Shortly before the accident, Charles Shafer (“Shafer”), an employee of McDonald’s, had emptied the contents of a shop vac onto the lot near the area where Mizenko fell. In dispute among other issues was whether Shafer knew or should have known the contents of the shop vac, which contained not only dirty water and rocks, but also grease. The shop vac was used to clean the floors at the restaurant, including, at times, cleaning grease around the cooking areas. Also in dispute was whether [480]*480Mizenko’s conduct contributed to his fall. According to McDonald’s, based upon a deposition later given by O’Firer, after receiving the patron’s directions, Mizenko gunned the engine of his motorcycle, accelerated through the parking lot, and had to suddenly stop to avoid hitting another vehicle exiting a parking space.

As a result of the accident, Mizenko filed a civil action in the Court of Common Pleas of Philadelphia County on June 29, 2006. In his complaint, Mizenko alleged negligence and recklessness against the defendant, McDonald’s Restaurant of Pennsylvania, Inc. (“McDonald’s”), and sought compensatory, as well as punitive damages.1 On January 09, 2007, McDonald’s filed an answer with new matter, which denied all material averments of the complaint, and alleged, among other defenses, comparative negligence. Mizenko replied to the new matter on January 29, 2007.

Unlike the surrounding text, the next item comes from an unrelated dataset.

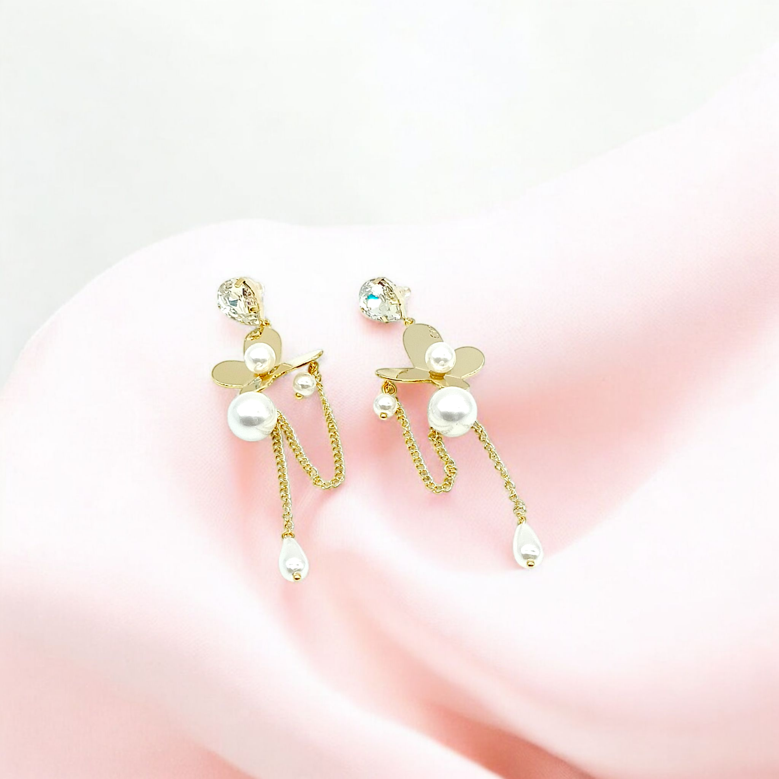 Elegant golden floral earrings crafted to add a touch of sparkle and grace to every look.

Several months later, on June 13, 2007, McDonald’s filed a petition to transfer venue based on forum non conveniens. McDonald’s request was granted by order dated July 30, 2007, with the transfer to this court being completed on March 10, 2008.

A jury trial began on February 7, 2011, and ended on February 18, 2011, when a verdict was rendered in favor of McDonald’s and against Mizenko.2 On February [481]*48125, 2011, Mizenko filed the instant post-trial motion, seeking judgment notwithstanding the verdict and a new trial.3 For the reasons which follow, we deny Mizenko’s motion in full.

DISCUSSION

We begin with our standard of review. In Harman ex rel. Harman v. Borah, 562 Pa. 455, 756 A.2d 1116 (2000), our Supreme Court explained that

[tjhere is a two-step process that a trial court must follow when responding to a request for new trial. First, the trial court must decide whether one or more mistakes occurred at trial. These mistakes might involve factual, legal, or discretionary matters. Second, if the trial court concludes that a mistake (or mistakes) occurred, it must determine whether the mistake was a sufficient basis for granting a new trial. The Harmless Error Doctrine underlies every decision to grant or deny a new trial. A new trial is not warranted merely because some irregularity occurred during the trial or another trial judge would have ruled differently; the moving party must demonstrate to the trial court that he or she has [482]*482suffered prejudice from the mistake.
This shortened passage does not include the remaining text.